Oil Ministry spokesman Asim Jihad confirmed that Al-Luaibi had been appointed as president of INOC.
Al-Luaibi’s appointment leaves the position of oil minister open. His predecessor in the ministry, Adel Abd al-Mahdi, has been nominated as Iraq’s prime minister and has until 2 November to name his cabinet.
The new company, which is still to be formed, "will be in charge of Basra Oil Company, North Oil Company, all of it. More than the ministry,” Jihad told journalists at the CWC Basra Mega Projects conference in Istanbul.
Iraq’s parliament passed legislation earlier this year to reestablish INOC, which was dissolved in 1987 when it was merged into the Oil Ministry.
Currently the Oil Ministry is both an operator, through its subsidiaries, including Basra Oil Company, and regulator. Reforming INOC would reduce the Oil Ministry to a purely strategic and regulatory role.
The INOC president will report directly to Iraq’s cabinet and hold the title of minister. Its authority will not cover the Kurdistan Region, however, since the semi-autonomous region does not hand over its production to the federal government.
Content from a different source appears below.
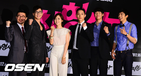 22일 오후 왕십리CGV에서 열린 영화 '차형사'(신태라 감독) 언론배급시사회에서 신태라 강지환 성유리 이수혁 김영광 신민철이 포토타임을 갖고 있다.

Along with the re-establishment of INOC, the absence of an overarching hydrocarbons law has long been a major problem for the sector's development. It was meant to set out the various responsibilities of the Oil Ministry, national oil companies, international oil company partners and their contracts. A draft form of the oil law was presented to parliament in 2007, but has languished for more than a decade awaiting approval.
In the absence of the law, both the federal Oil Ministry in Baghdad and the Kurdish Ministry of Natural Resources have moved ahead on their own accord. The Kurdistan Regional Government passed its own hydrocarbons law in 2007 and since then has signed dozens of production-sharing and exploration contracts. These have been deemed illegal by Baghdad, which itself has held numerous bid rounds.